- Born: 22 April 1984 (age 40) Prato
- Height: 1.79 m (5 ft and 10 in)
- Beauty pageant titleholder
- Hair color: Light brown
- Eye color: Green
- Major competition(s): Miss World Italy

= Pamela Camassa =

Italian television presenter, actress and model

Pamela Camassa (born April 1984) is an Italian television presenter, actress and model.

==Biography==
Pamela Camassa was born in Prato, where she graduated in economy at ITC Dagomari.

==Career==
In 2000 she participated in the film Via del Corso of Adolfo Lippi, where she played the role of the protagonist together with Laura Chiatti and Ilaria Spada. In the summer of 2002 she won the title of "Miss World Italy" obtaining the opportunity to represent Italy at Miss World 2002, but she gave up as a sign of protest towards the treatment towards women of the host country, Nigeria: in her place Susanne Zuber went as representative of Italy. In September 2005 she ranked third in the Miss Italy 2005 contest, an edition later won by Edelfa Chiara Masciotta. In spring 2006 she made her debut on television, as showgirl for Carlo Conti in the show I raccomandati aired on Rai 1, together with Laura Barriales and Natalia Bush. In autumn 2006, paired with the dancer Angelo Madonia, she participated in the talent show Ballando con le Stelle and ranked second: in 2007 he repeated the experience by taking part in the Ukrainian edition of the same program.

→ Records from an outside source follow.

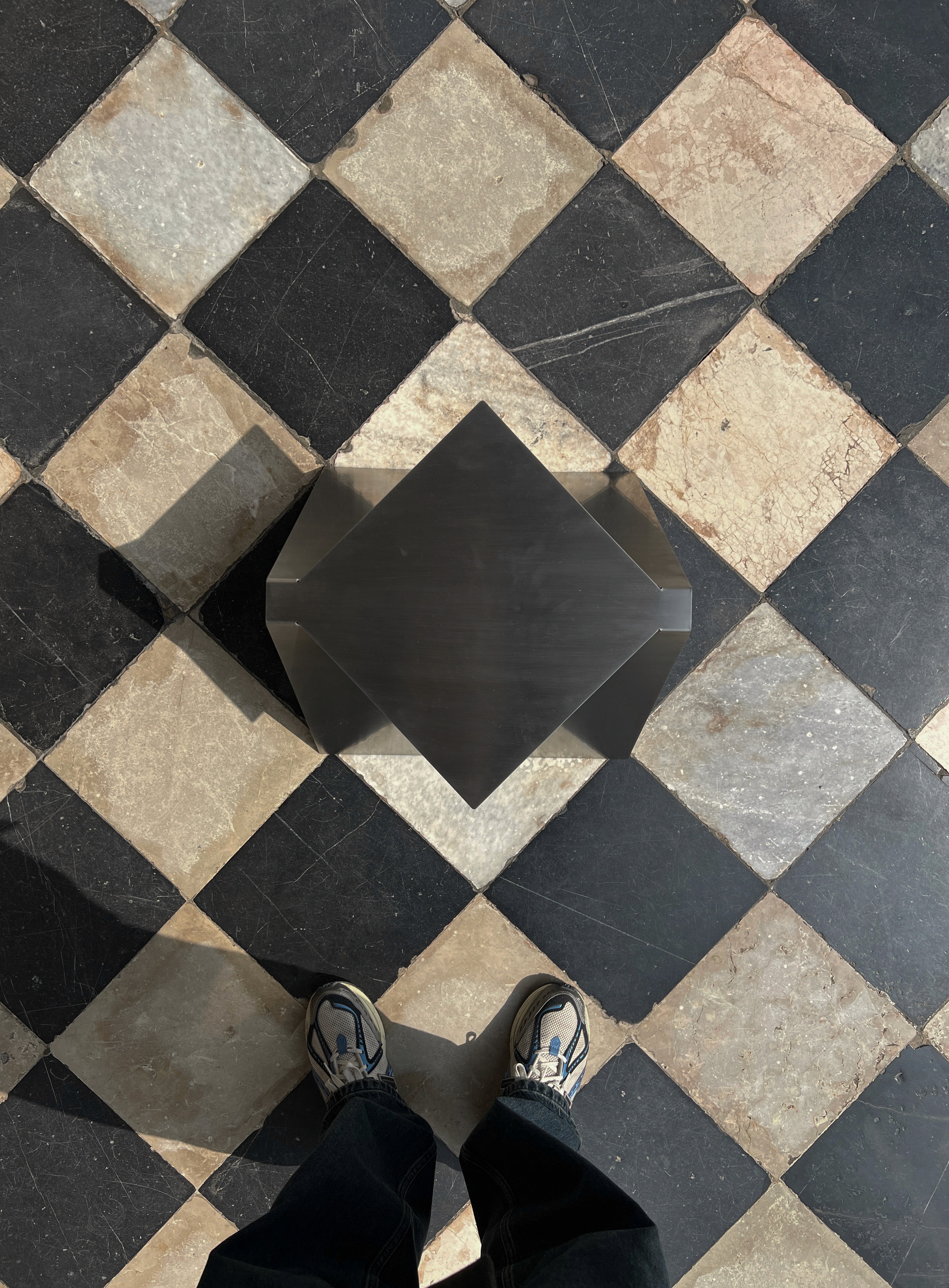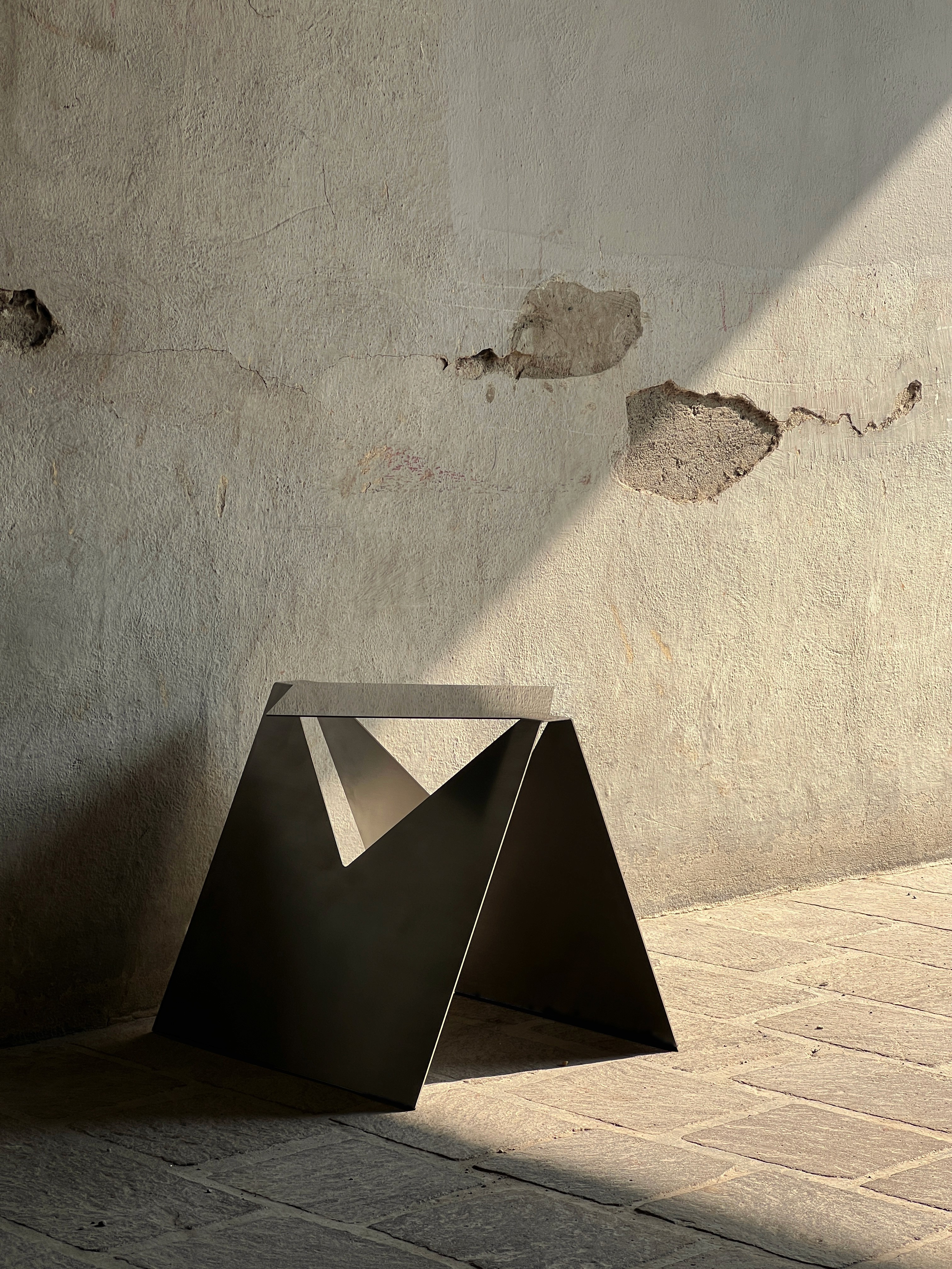 The project translates this playful mechanism into a side table composed of precisely cut and folded metal sheets. Through a careful interplay of cuts, negative and positive surfaces, the design unfolds in space, creating shifting compositions of planes and volumes that evolve depending on the viewer’s perspective.
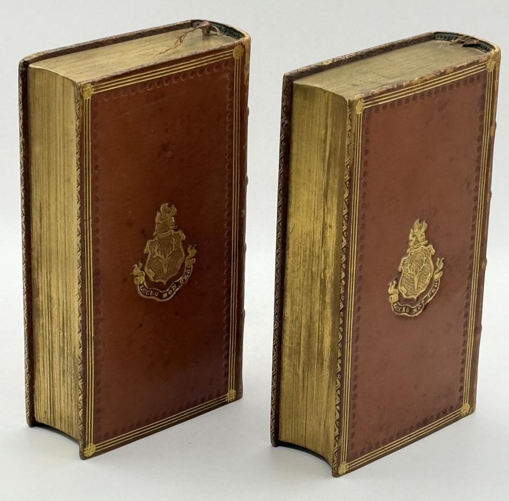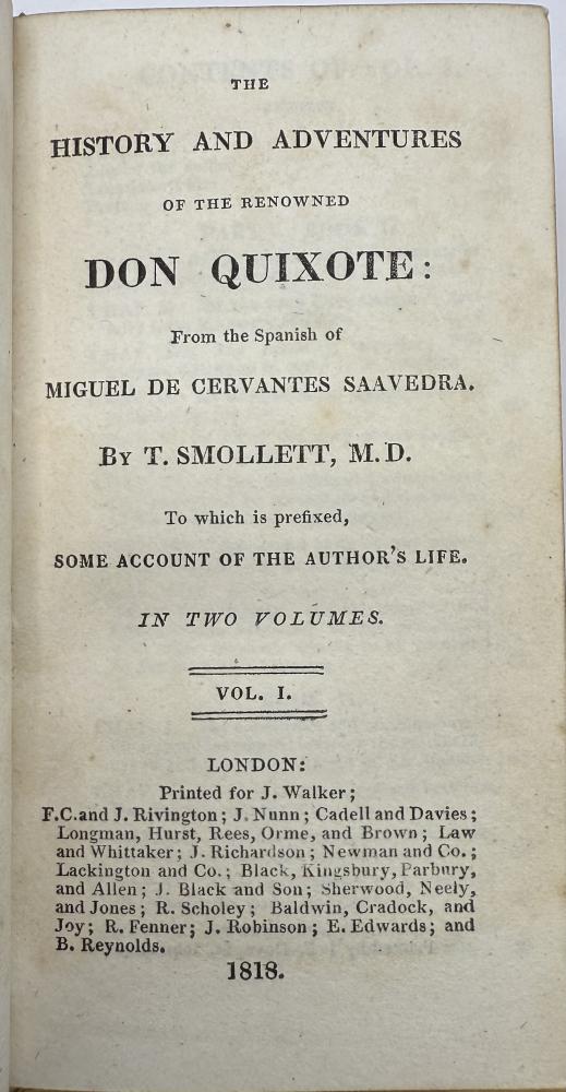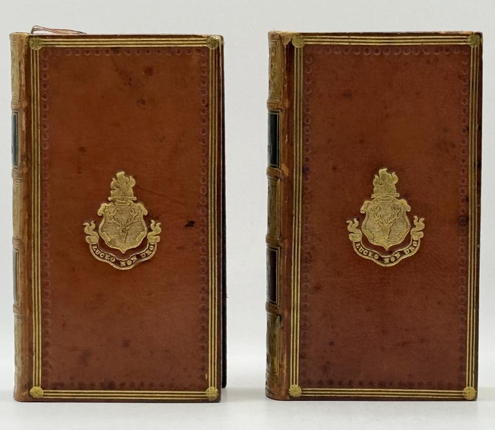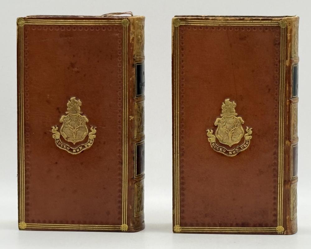 CGS0221 ![]() Click image to enlarge ![]() ![]() ![]() ![]() ![]() ![]() ![]() ![]() ![]() ![]() The History and Adventures of the renowned Don Quixote from the Spanish of Miguel Cervantes Saavedra by T Smollett... in Two Volumes 1818. DESCRIPTION: London, printed for J walker, 2 Volumes, 16mo, Pagination xxiv, 563 (1); xi (1), 598. With an engraved frontis piece and an engraved vignette title to each volume. Bound in contemporary tanned calf, all edges gilt, spine gilt decorated within compartments and raised with double black / brown lettering and numbering pieces. Sides with triple gilt fillet borders and central heraldic badge with stag 'LUCEO NON URO' (Earls of Cromartie). The coat of arms still appears on the Dalmore whisky bottle. Binders ticket of Ogle and Son of Glasgow. SIZE: 130 x 70mm CONDITION: Lightly rubbed and faded to the spine however a very good clean set. £160.00 Have a Question?You need to be Signed In to ask questions. |
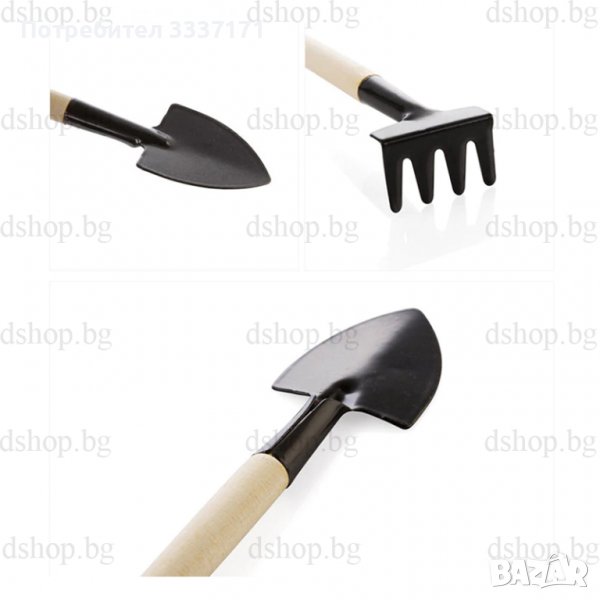 Комплект мини градински инструменти за градинарство с дървена дръжка.
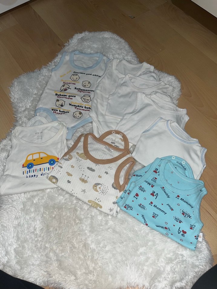 Yumuşak pamuktan, kolsuz ve örme bebek erkek hastane kıyafetleri seti. Beyaz ve pastel renklerde, çeşitli baskılı desenlerle sade ve rahat stil sunar.
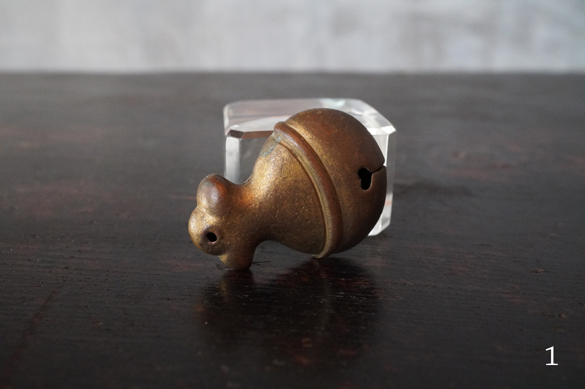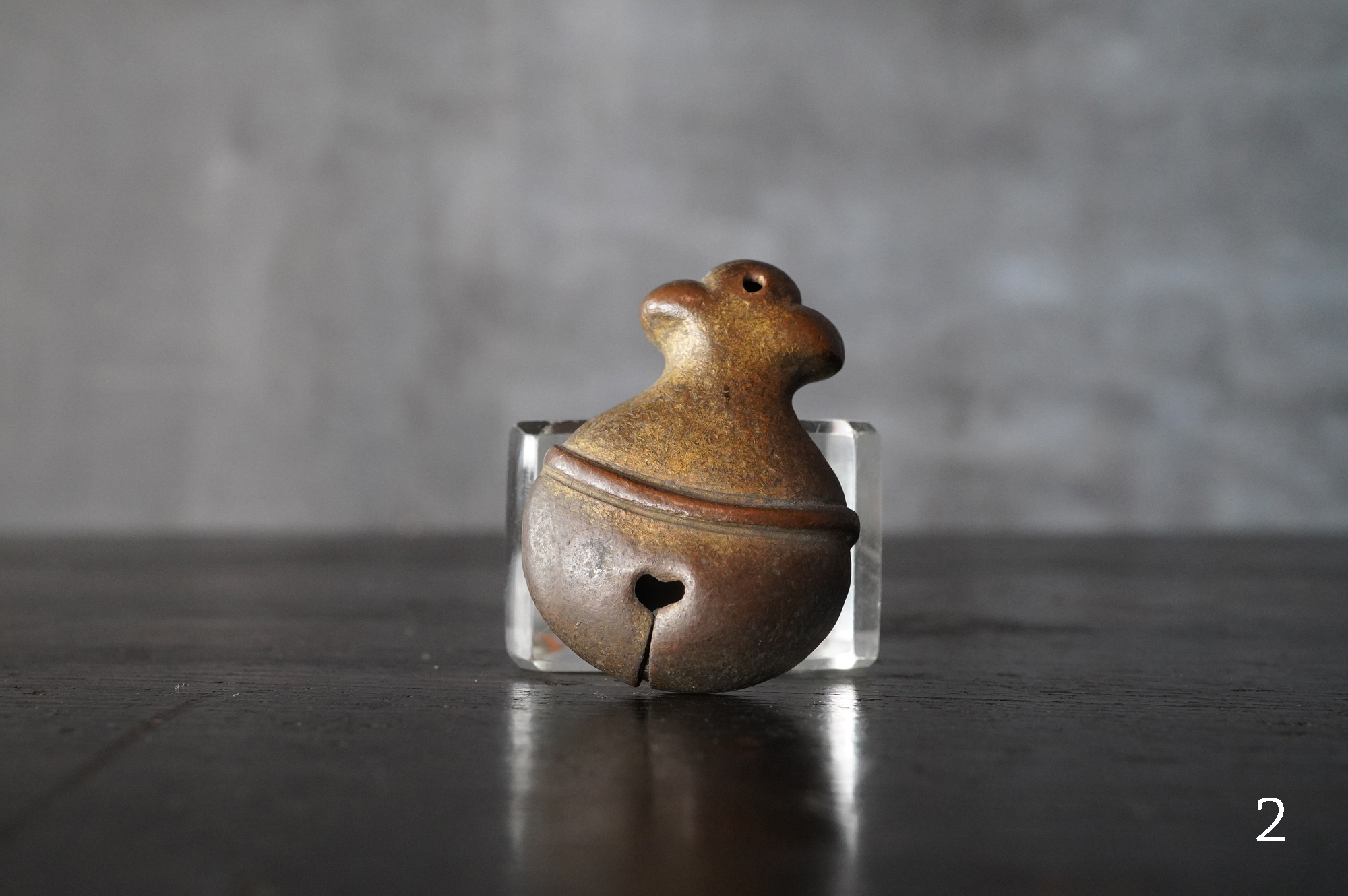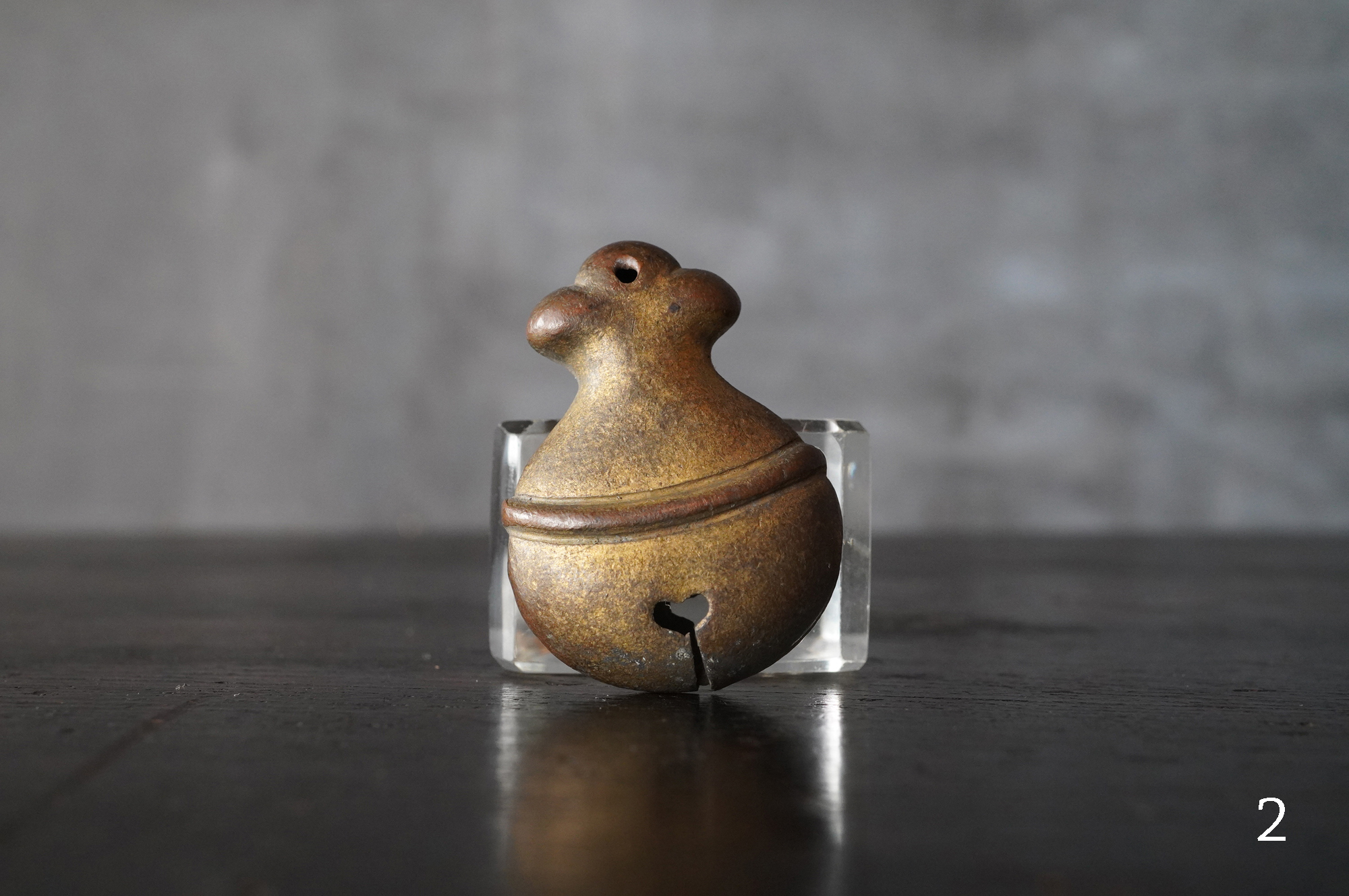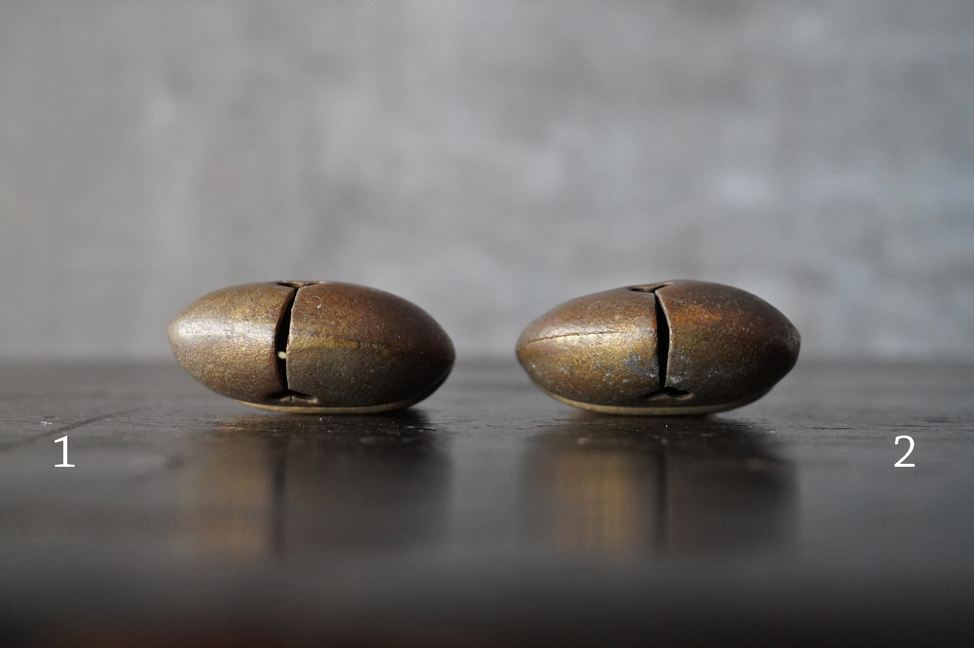厚みのある銅材で端正に作られ、往時の鍍金も多く残ります。内部には鈴子(小さな石)が残存しており、振るとカラカラと趣深い音色を奏でる点も魅力ではないでしょうか。歳月を重ねた味わいの中に、どこか愛らしさの漂う一具。二点ありますので1と2を選んでご注文下さい。どちらも、ほぼ同じ状態と判断しております。
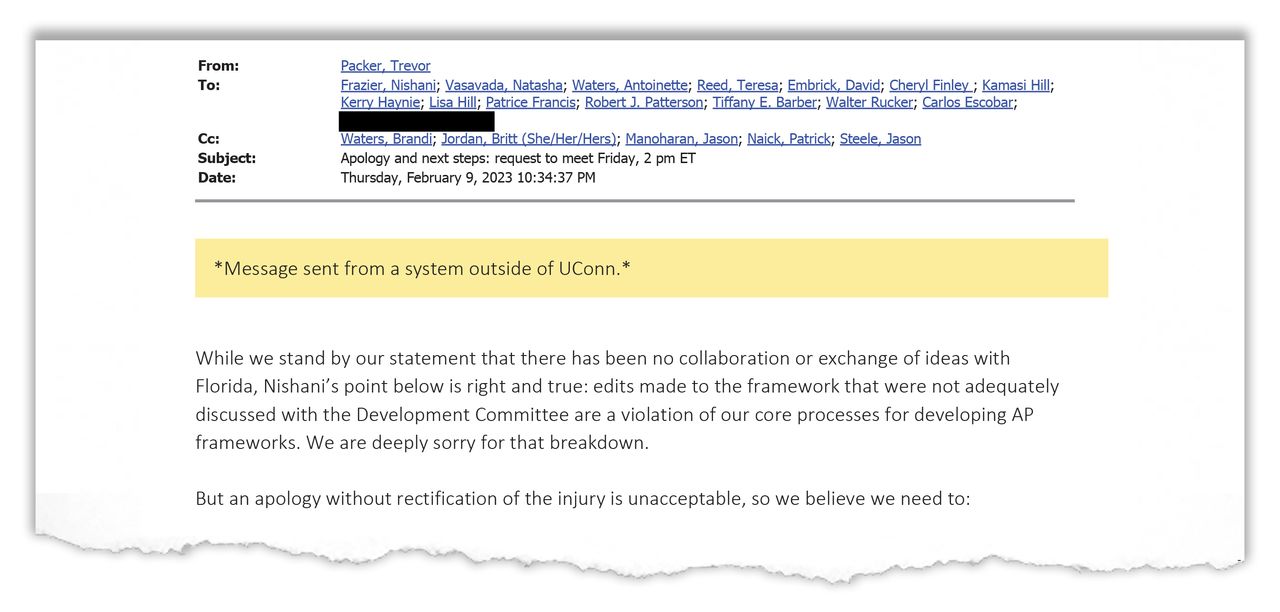 大學理事會的回覆來自自2003年起負責AP項目的特雷弗·帕克。“雖然我們堅持我們的聲明,即與佛羅里達州沒有合作或交流,”他説,“但尼沙尼下面的觀點是正確的:對框架進行的修改沒有與開發委員會充分討論,這違反了我們的核心開發流程。我們對這一失誤深感抱歉。”

In autumn 2012 she participated as a competitor in the second edition of Tale e Quale show, the Rai 1 program conducted by Carlo Conti, becoming one of the revelation characters according to critics and therefore participated in the spin-off Torneo dei Campioni and in the special episode I Duetti. In the winter of 2013 she was co-host of the sixth edition of I migliori anni on Rai 1.

==Personal life==
She is in a relationship with actor Filippo Bisciglia.